There's something about being in a church and hearing massed youth choirs and guitar-on-the-knee folk music against a backdrop of jazz grooviness that makes me think of Ned Flanders from The Simpsons. And the London premiere of Harvey Brough's multi- idiomatic mass Requiem in Blue certainly inspired such unruly intrusions. With its repetitive melody, it felt more concerned with communal uplift than musical invention, but Brough's ambitious project was a moving affair for many extra-musical reasons.

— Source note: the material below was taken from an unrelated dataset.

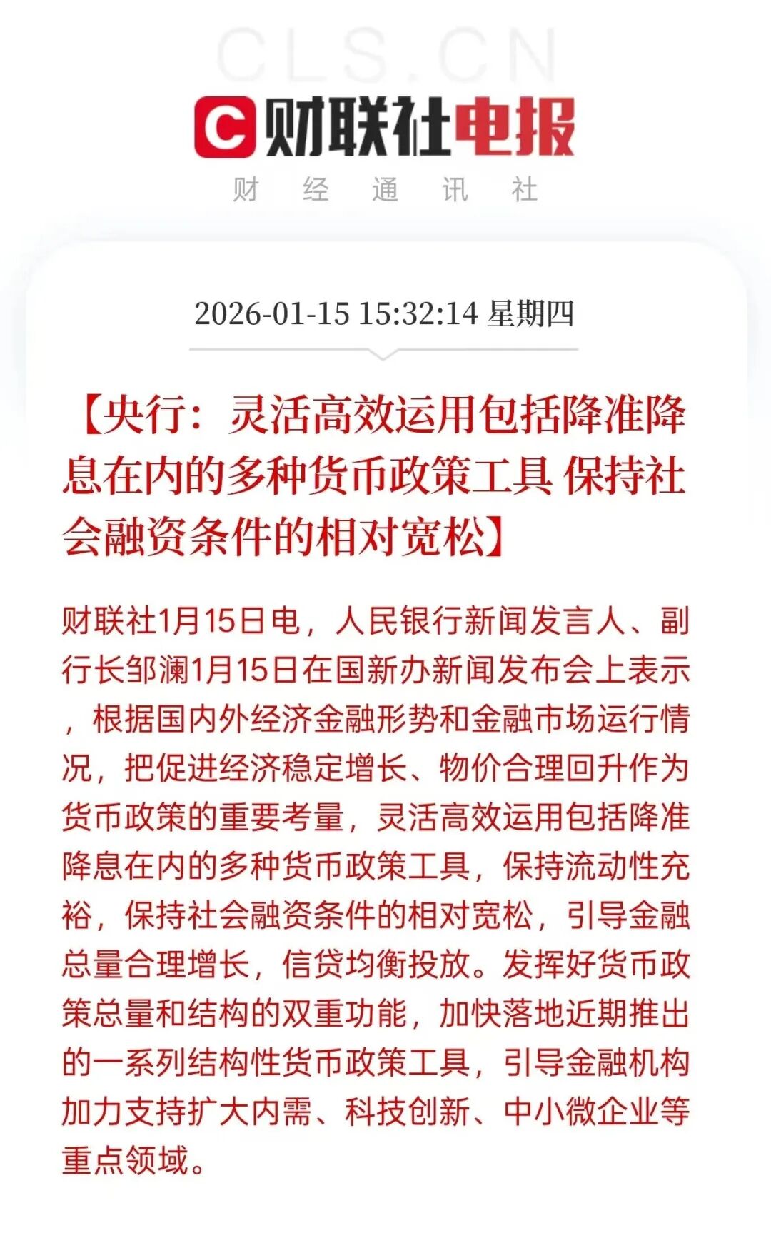 刚刚(1月15日),中国人民银行新闻发言人、副行长邹澜在新闻发布会表示,将灵活高效运用包括降准降息在内的多种货币政策工具,且下调商业用房首付下限。

There was plenty of musical emotion in the pre-Requiem parts of the show too, with performances from Brough, his remarkable vocal partner Jacqui Dankworth, and the dynamic gospel-influenced jazz singer Liane Carroll. Dankworth's delicate control and rich, low sounds were even more effective in the erratic, but sometimes highly supportive acoustics of the Union Chapel. Brough, whose bell-like voice makes him sound as if he would be equally at home in a folk club or cathedral, sang an early English folk song, while Carroll delivered The Nearness of You with her usual aplomb.
Three reflective pieces from Dankworth and Brough's regular group Field of Blue provided some of the evening's most transporting moments, particularly on the haunting blues Don't Really Care. Requiem in Blue was preceded by a powerful reading by Ben Okri on themes of cultural collision and the meaning of freedom. The youth choirs of the Islington Music Centre and City of London School then gathered for the Requiem, a constantly shifting mix of elements: Latin mass, Gregorian chanting, freewheeling jazz-flugelhorn flights, percussion duets, blues and folk.
The musical ideas rarely took you somewhere you didn't expect to be, but the collective exuberance brought a big inner smile, and the spiralling drama of the last movement, a prayer for redemption composed by Lee Hall, was a tour de force.